Collection of letters by Rainer Maria Rilke

Letters to a Young Poet (original title, in German: Briefe an einen jungen Dichter) is a collection of ten letters written by the Bohemian-Austrian poet Rainer Maria Rilke (1875–1926) to Franz Xaver Kappus (1883–1966), a 19-year-old officer cadet at the Theresian Military Academy in Wiener Neustadt, between 1903 and 1908. Rilke, the son of an Austrian army officer, had studied at the academy's lower school at Sankt Pölten in the 1890s. Kappus corresponded with the popular poet and author from 1902 to 1908 seeking his advice as to the quality of his poetry, and in deciding between a literary career or a career as an officer in the Austro-Hungarian Army. Kappus compiled and published the letters in 1929—three years after Rilke's death from leukemia.

In the first letter, Rilke respectfully declines to review or criticize Kappus' poetry, advising the younger Kappus that "Nobody can advise you and help you, nobody.
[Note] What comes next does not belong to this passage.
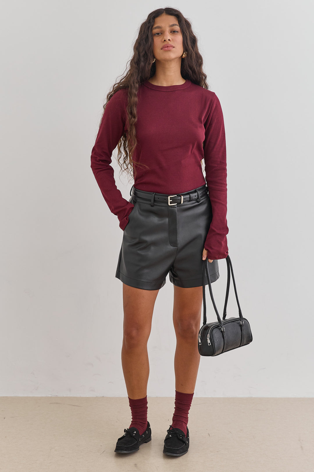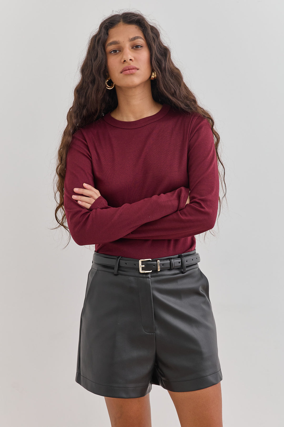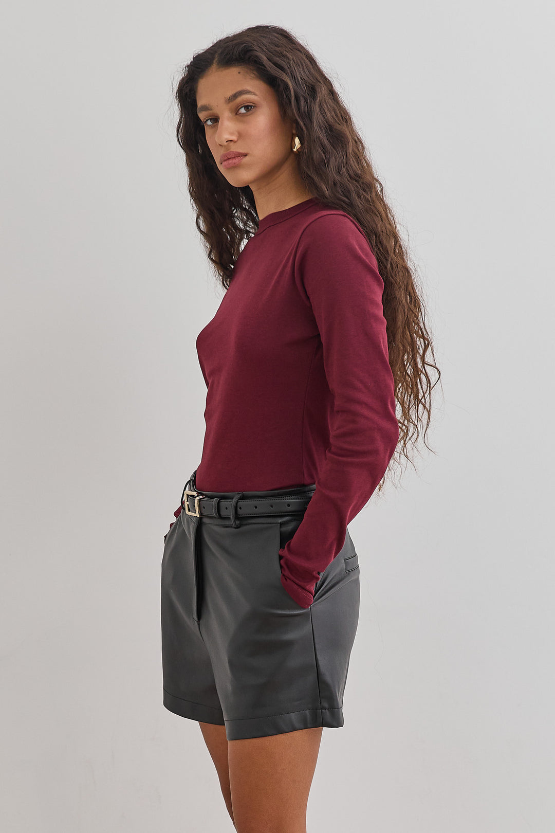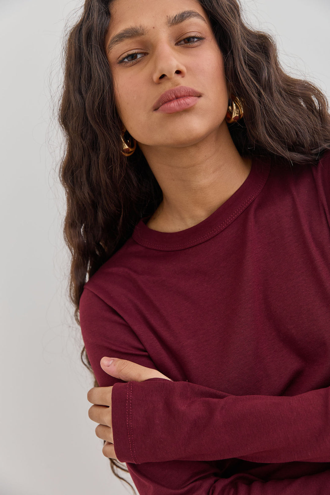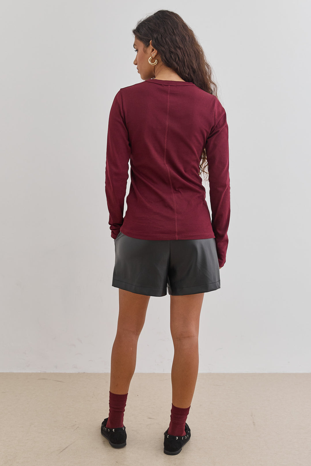 חולצת בייסיק לני שרוול כפפה | בורדו

There is only one way. Go into yourself." Rilke, over the course of the ten letters, proceeds to advise Kappus on how a poet should feel, love, and seek truth in trying to understand and experience the world around him and engage the world of art. These letters offer insight into the ideas and themes that appear in Rilke's poetry and his working process. Further, these letters were written during a key period of Rilke's early artistic development after his reputation as a poet began to be established with the publication of parts of Das Stunden-Buch (The Book of Hours) and Das Buch der Bilder (The Book of Images).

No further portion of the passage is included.